The question is: does Security Agent actually understand these GraphQL-specific attack surfaces, or does it just apply conventional web testing patterns?
To find out, I tested under 4 different conditions to identify what determines detection success.
Prerequisites:
- Reuse Agent Space, IAM role, and VPC Config from Part 1
- Test region: ap-northeast-1 (Tokyo)
- Pricing: $50/task-hour (per-second billing)
Test Environment
REST vs GraphQL Attack Surfaces
GraphQL introduces attack surfaces that don't map to REST patterns:
| Aspect | REST API | GraphQL API |
|---|---|---|
| Endpoints | Multiple (/users, /posts, /search) | Single (/graphql) |
| Response format | Fixed per endpoint | Client-controlled via query |
| Schema | Implicit (docs/OpenAPI) | Self-describing (Introspection) |
| Relations | Separate requests per resource | Nested queries in single request |
| Batch processing | Multiple HTTP requests | Aliases / batch queries in one request |
Planted Vulnerabilities
5 vulnerabilities, 4 of which are GraphQL-specific:
| # | Vulnerability | GraphQL-Specific | Difficulty |
|---|---|---|---|
| 1 | Nested query excessive data exposure (no depth limit) | ★★★ | High — requires understanding query nesting |
| 2 | Field-level authorization bypass | ★★★ | High — requires per-field auth context |
| 3 | SQL Injection via Query argument | ★☆☆ | Low — standard pattern, just via GraphQL |
| 4 | Alias-based authentication brute force | ★★★ | High — GraphQL-specific batching attack |
| 5 | Mutation return value sensitive data leak | ★★☆ | Medium — requires Mutation response analysis |
App source code (app.py)
"""
Deliberately vulnerable GraphQL application for Security Agent penetration testing.
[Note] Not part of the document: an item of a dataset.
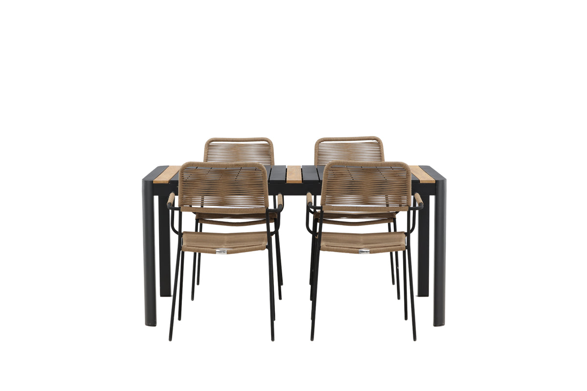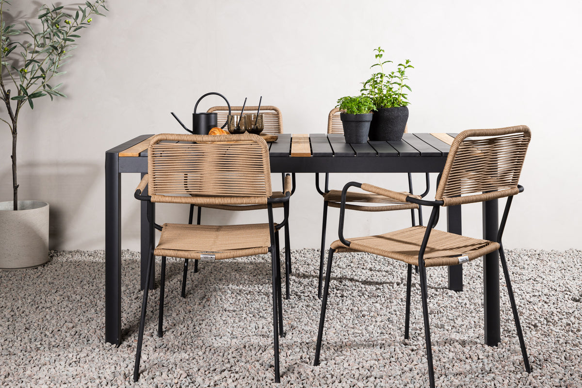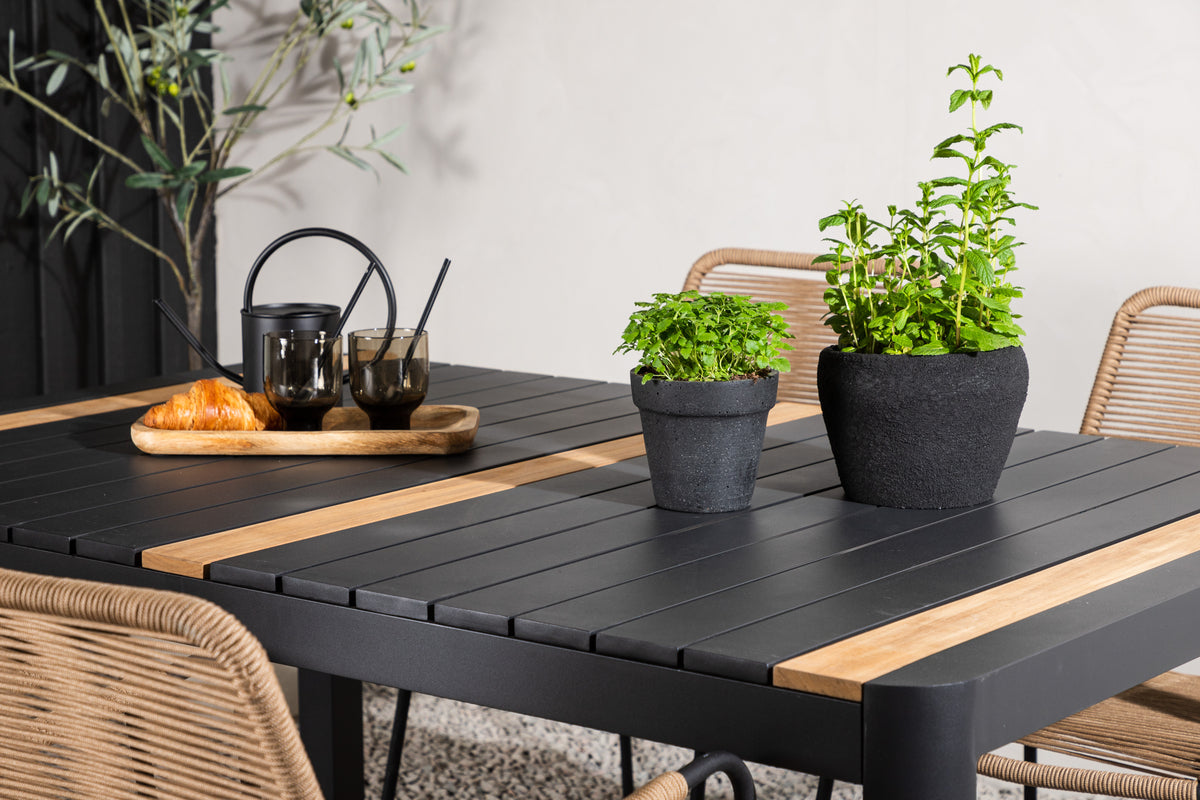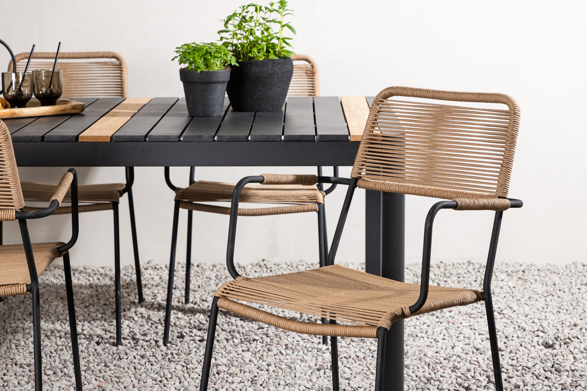 Stilrent, slidstærkt og elegant - en spisegruppe med alt det rigtige! Spisebord Togo har et smagfuldt design med en rektangulær bordplade i sort og træfarvet teak og et understel i sort aluminium. Det lige nordiske design er lige så klassisk som tidløst. Mål: 150x100 cm. Her i moderne kombination med lattefarvede spisebordsstole fra serien Lindos. Stolene har stilrent smalle ben og integrerede armlæn i sort stål og et sæde i slidstærkt beige reb. Den jordnære kulør giver et varmt indtryk til møblementet. Invitér til mange hyggelige måltider fremover!
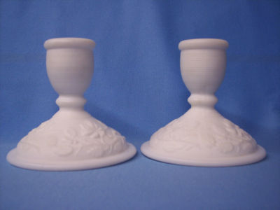 PAIR IMPERIAL WHITE MILK GLASS CANDLESTICK HOLDERS

WARNING: Do NOT deploy in production environments.
"""
import sqlite3, hashlib
from flask import Flask, request, jsonify, g
from ariadne import (
QueryType, MutationType, ObjectType, make_executable_schema,
graphql_sync, snake_case_fallback_resolvers,
)
app = Flask(__name__)
DATABASE = "/tmp/vuln_graphql.db"
type_defs = """
type Query {
me: User
user(id: ID!): User
users: [User!]!
post(id: ID!): Post
posts: [Post!]!
searchPosts(keyword: String!): [Post!]!
}
type Mutation {
login(username: String!, password: String!): AuthPayload!
createUser(username: String!, password: String!, email: String!, role: String): User!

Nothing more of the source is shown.